• _TASK INPUTS_:
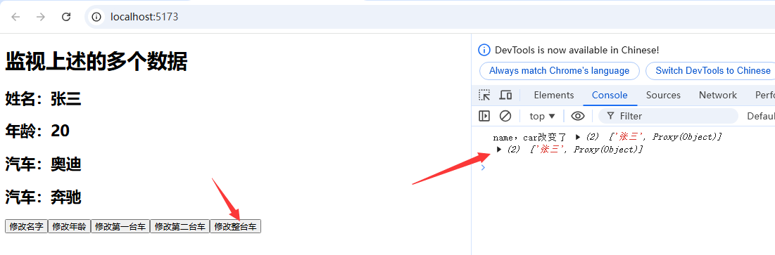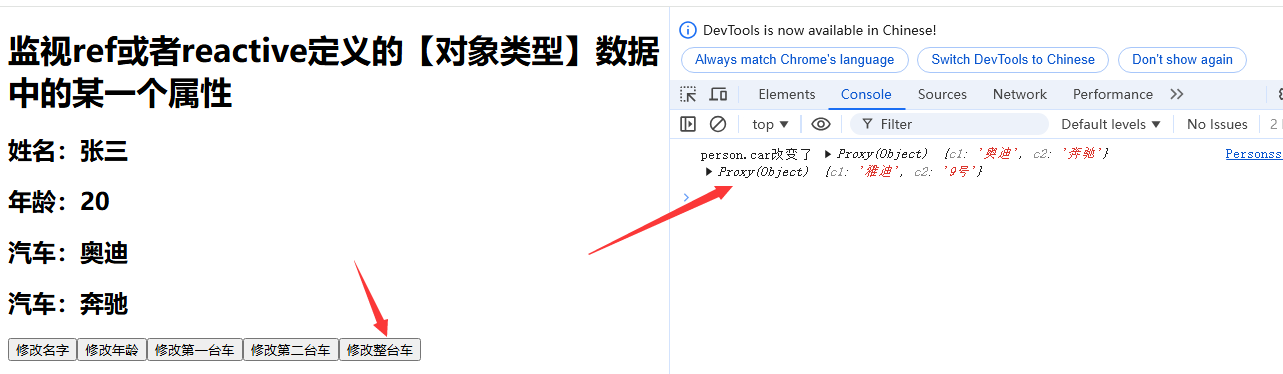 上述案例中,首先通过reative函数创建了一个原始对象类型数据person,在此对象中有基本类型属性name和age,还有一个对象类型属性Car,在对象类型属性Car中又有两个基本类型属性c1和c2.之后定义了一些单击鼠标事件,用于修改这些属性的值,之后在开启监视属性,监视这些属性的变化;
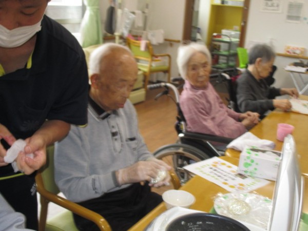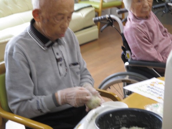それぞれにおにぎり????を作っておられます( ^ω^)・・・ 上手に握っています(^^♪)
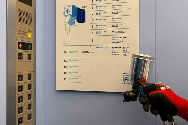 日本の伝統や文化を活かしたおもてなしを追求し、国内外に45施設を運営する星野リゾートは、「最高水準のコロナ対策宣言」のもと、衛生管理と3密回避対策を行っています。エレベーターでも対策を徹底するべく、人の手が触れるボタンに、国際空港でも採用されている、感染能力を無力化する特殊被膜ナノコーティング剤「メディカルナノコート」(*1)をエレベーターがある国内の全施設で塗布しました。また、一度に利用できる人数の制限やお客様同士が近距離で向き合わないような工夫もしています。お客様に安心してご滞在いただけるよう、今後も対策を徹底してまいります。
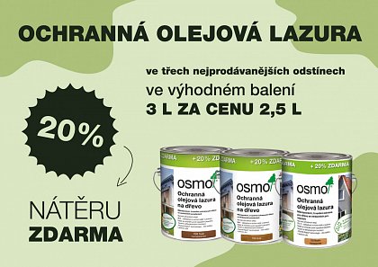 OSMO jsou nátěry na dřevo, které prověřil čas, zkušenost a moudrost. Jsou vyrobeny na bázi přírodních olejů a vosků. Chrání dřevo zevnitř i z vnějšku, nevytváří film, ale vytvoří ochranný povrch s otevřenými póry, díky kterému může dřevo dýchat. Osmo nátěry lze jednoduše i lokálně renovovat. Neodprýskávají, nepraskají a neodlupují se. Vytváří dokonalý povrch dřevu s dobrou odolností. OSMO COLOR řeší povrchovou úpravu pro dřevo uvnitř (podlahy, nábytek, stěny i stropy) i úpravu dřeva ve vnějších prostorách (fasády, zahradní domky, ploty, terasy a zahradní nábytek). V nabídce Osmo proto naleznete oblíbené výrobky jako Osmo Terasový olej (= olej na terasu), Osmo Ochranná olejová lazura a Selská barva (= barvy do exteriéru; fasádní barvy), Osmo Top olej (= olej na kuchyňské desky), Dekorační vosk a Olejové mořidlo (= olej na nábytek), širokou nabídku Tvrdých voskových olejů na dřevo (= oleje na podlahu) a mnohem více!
---
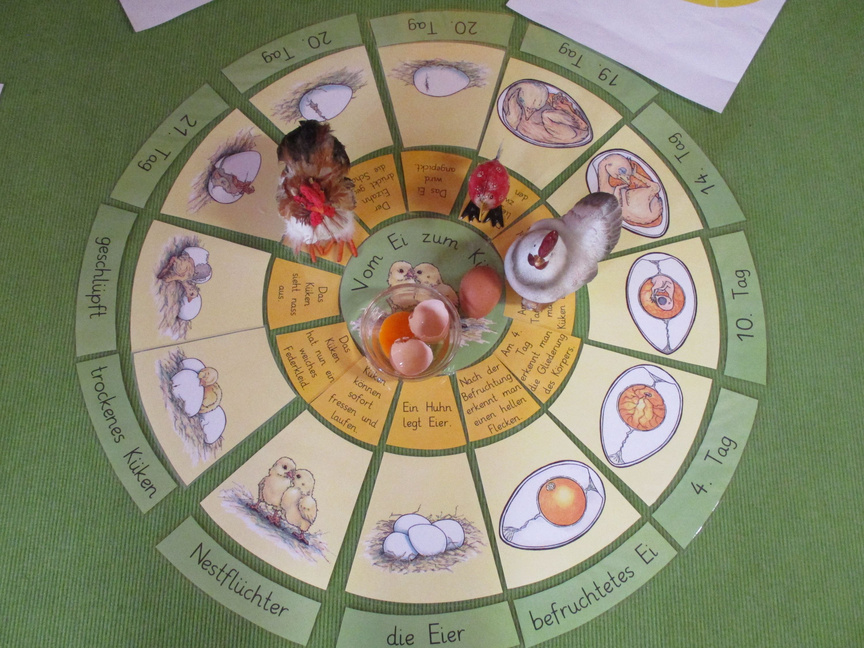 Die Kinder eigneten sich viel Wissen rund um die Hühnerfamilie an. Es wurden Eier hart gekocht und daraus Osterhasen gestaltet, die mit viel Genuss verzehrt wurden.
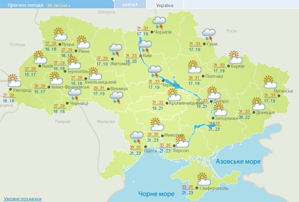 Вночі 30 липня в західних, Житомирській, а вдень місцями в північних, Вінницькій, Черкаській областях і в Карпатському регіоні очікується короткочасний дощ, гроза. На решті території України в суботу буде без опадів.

• _TASK OBJECTIVE_: Reproduce the data above exactly, but only from the line containing "日本の伝統や文化を活かしたお" through the line containing "OSMO jsou nátěry"; skip the pictures.

• _TASK OUTPUT_:
 日本の伝統や文化を活かしたおもてなしを追求し、国内外に45施設を運営する星野リゾートは、「最高水準のコロナ対策宣言」のもと、衛生管理と3密回避対策を行っています。エレベーターでも対策を徹底するべく、人の手が触れるボタンに、国際空港でも採用されている、感染能力を無力化する特殊被膜ナノコーティング剤「メディカルナノコート」(*1)をエレベーターがある国内の全施設で塗布しました。また、一度に利用できる人数の制限やお客様同士が近距離で向き合わないような工夫もしています。お客様に安心してご滞在いただけるよう、今後も対策を徹底してまいります。
 OSMO jsou nátěry na dřevo, které prověřil čas, zkušenost a moudrost. Jsou vyrobeny na bázi přírodních olejů a vosků. Chrání dřevo zevnitř i z vnějšku, nevytváří film, ale vytvoří ochranný povrch s otevřenými póry, díky kterému může dřevo dýchat. Osmo nátěry lze jednoduše i lokálně renovovat. Neodprýskávají, nepraskají a neodlupují se. Vytváří dokonalý povrch dřevu s dobrou odolností. OSMO COLOR řeší povrchovou úpravu pro dřevo uvnitř (podlahy, nábytek, stěny i stropy) i úpravu dřeva ve vnějších prostorách (fasády, zahradní domky, ploty, terasy a zahradní nábytek). V nabídce Osmo proto naleznete oblíbené výrobky jako Osmo Terasový olej (= olej na terasu), Osmo Ochranná olejová lazura a Selská barva (= barvy do exteriéru; fasádní barvy), Osmo Top olej (= olej na kuchyňské desky), Dekorační vosk a Olejové mořidlo (= olej na nábytek), širokou nabídku Tvrdých voskových olejů na dřevo (= oleje na podlahu) a mnohem více!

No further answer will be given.